For the First Half of 2017, JPMorgan Chase generated Net Income of $13.477 Bil, up a very robust 15% from the comparable First Half of 2016 Net Income of $11.720 Bil.
On the other hand, Berkshire Hathaway posted First Half of 2017 Net Income of $8.494 Bil, down 21% from the comparable First Half of 2016 Net Income of $10.739 Bil.
So, JPMorgan Chase performed much better than Berkshire Hathaway in the First Half of 2017?
Actually, I think just the opposite.
Berkshire Hathaway has more than $150 Bil in Investments in Equity Securities on its balance sheet.
With the strong stock market in the first half of 2017, primarily driven by the surprisingly best ever 4Q 2016 Total Earnings Growth of 55% for all US Companies with stock market caps above $1 Bil which mostly wasn't disclosed by these Companies until late January 2017 or in February 2017 in their 4Q Earnings Releases, where does this economic appreciation of these Equity Securities appear on its income statement?
Well most of it isn't in Berkshire's regular Net Income. Instead, it appears in Berkshire's Comprehensive Income as Net Change in Unrealized Appreciation of Investments which was shown as a staggering $13.088 Bil Pretax for the First Six Months of 2017.
Thus, the more relevant to investors in Berkshire's First Half of 2017 Comprehensive Income was $17.909 Bil, up an incredible 138% from the $7.520 Bil of comparable earnings in the First Half of 2016. Whew!
On the other hand, JPMorgan Chase's Pretax Income for the First Half of 2017 was $18.090 Bil, up 7% from the First Half 2016 Pretax Income of $16.918 Bil.
So, why is it that growth of JPMorgan Chase's Net Income for the First Half of 2017 of 15% is more than double the 7% growth in its Pretax Income for the same period?

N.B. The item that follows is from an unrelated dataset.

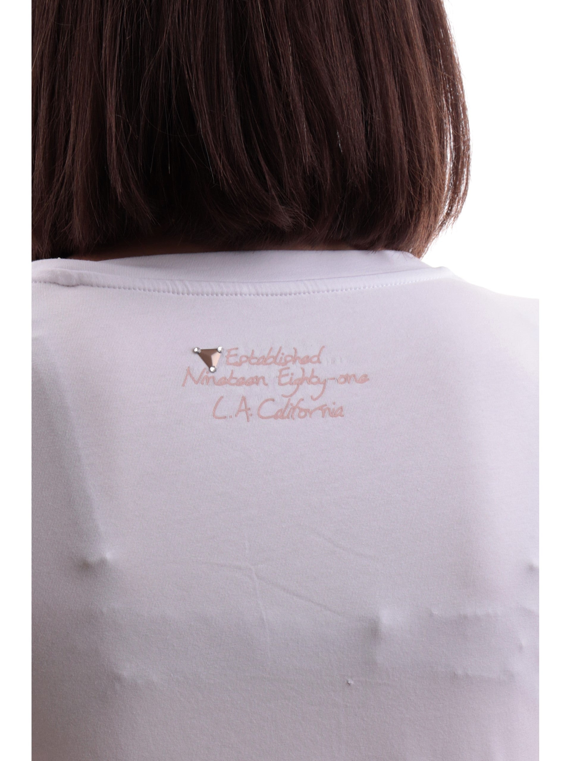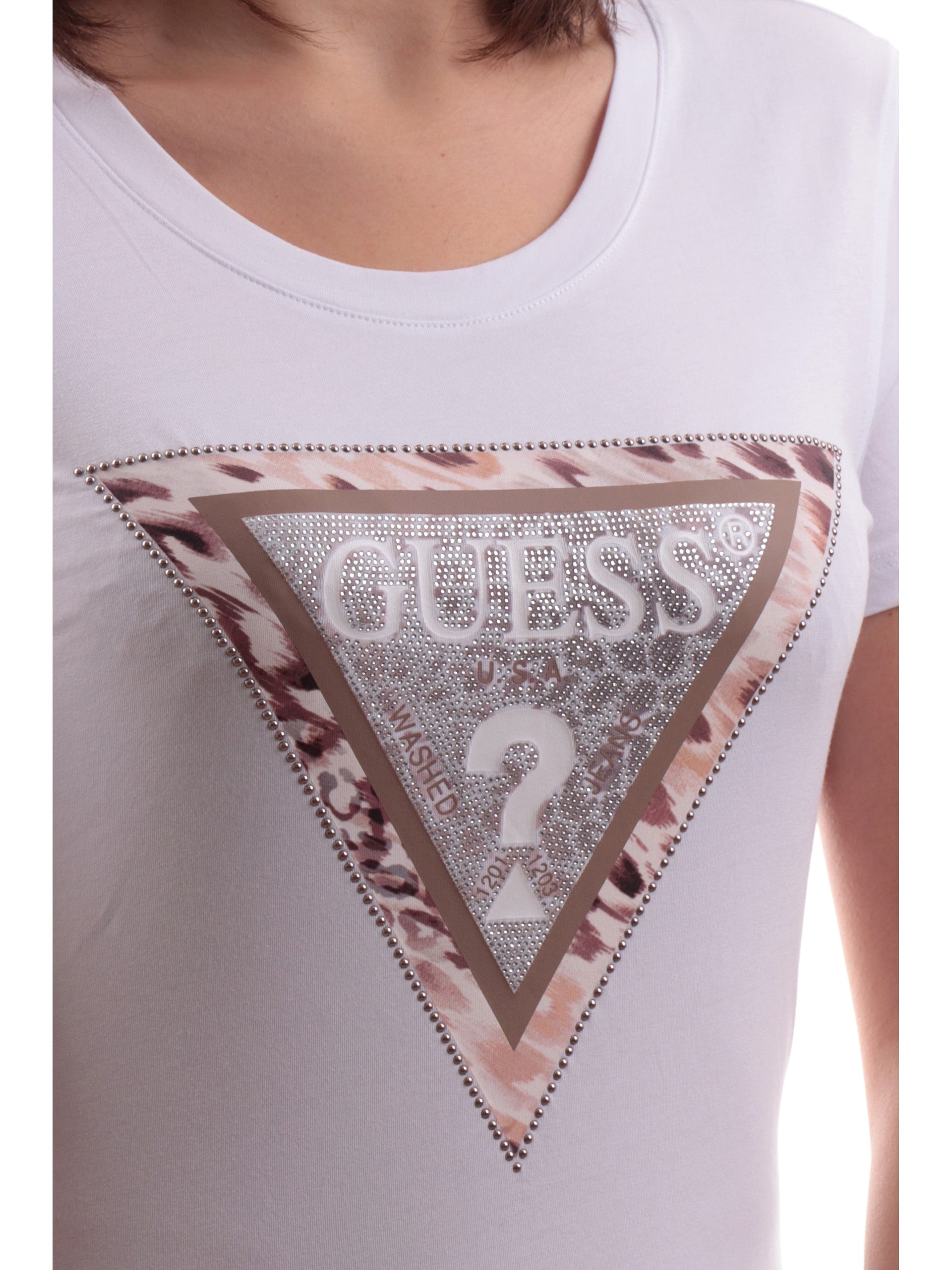 T-shirt Guess bianca da donna logo triangolo con strass W5RI22J1314

It's all in the fact that JPMorgan Chase used a much lower income tax rate of 25.5% in the First Half of 2017 than it did in its First Half of 2016 of 30.7%. Whoa!

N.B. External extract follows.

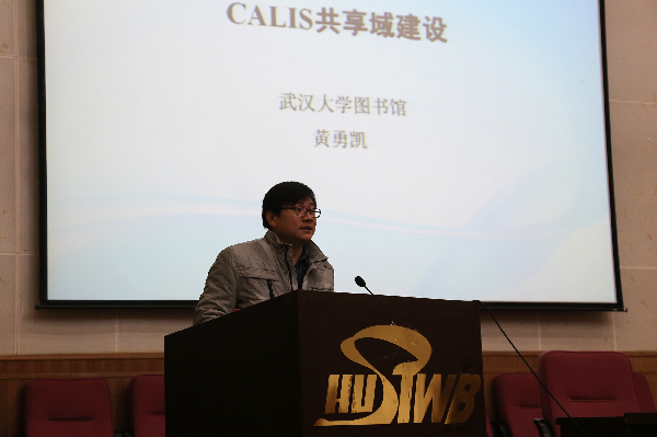 上午,武汉大学图书馆副馆长黄勇凯就“CALIS(中国高等教育文献保障系统)共享域建设”的主题,从图书馆用户的需求、数字图书馆框架、CALIS三期介绍、使用三个方面展开报告,解释了在资金不充足的情况下如何利用CALIS来实现资源的共享。独立学院唯一发言代表、本校信息技术中心李喆老师就远程访问配置及使用进行交流,汇报了如何使用信息技术实现读者校外访问图书馆资源。武汉大学图书馆姚昳昕老师围绕“独立学院如何应用共享域”进行交流探讨,他从如何申请成为CALIS成员馆、申请租用共享域成员馆工作概述及管理员工作快速指南等方面进行详细讲解,为独立学院老师提供了详细的使用指南。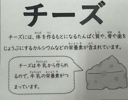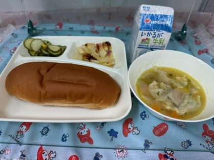 今日の給食は、「鶏肉とてぼ豆のスープ煮・ベーコンとじゃがいものチーズ焼き・きゅうりのサラダ・こくとうパン・牛乳」です。

What's with this dramatically lower income tax rate?
Well, I good chunk of it came from JPMorgan Chase lobbying successfully to change how its Subpart F foreign income is treated in the tax loophole laden PATH Act of 2015.

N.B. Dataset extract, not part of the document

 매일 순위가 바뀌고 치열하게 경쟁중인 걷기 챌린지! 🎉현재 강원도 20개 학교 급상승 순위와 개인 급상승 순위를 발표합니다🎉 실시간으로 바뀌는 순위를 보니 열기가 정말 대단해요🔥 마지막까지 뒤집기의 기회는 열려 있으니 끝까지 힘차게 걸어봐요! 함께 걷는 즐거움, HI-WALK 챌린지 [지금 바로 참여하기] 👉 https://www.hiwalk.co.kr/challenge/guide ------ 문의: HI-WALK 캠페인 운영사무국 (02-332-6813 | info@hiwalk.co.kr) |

So can you see why CEO Jamie Dimon is now so loudly and aggressively lobbying for another huge income tax break for JPMorgan Chase?
The last one roughly more than doubled JPMorgan Chase's earnings growth in the First Half of 2017.
And after tax earnings growth drive stock prices and JPMorgan Chase's higher level executives receive a lot of their compensation in the Company's stock.
If Donald Trump gets his wish to dramatically lower the US Federal Income Tax Rate on Foreign Earnings Repatriated back to the US, only one thing is certain ..... just like it did last time, no US jobs were created in the aggregate, instead many jobs were lost from the layoffs occurring as a result of the many large mergers from this massive amount of cash repatriated back to the US.
I couldn't say it more boldly ..... Foreign Earnings Repatriation Results in Substantial Income Inequality Expansion.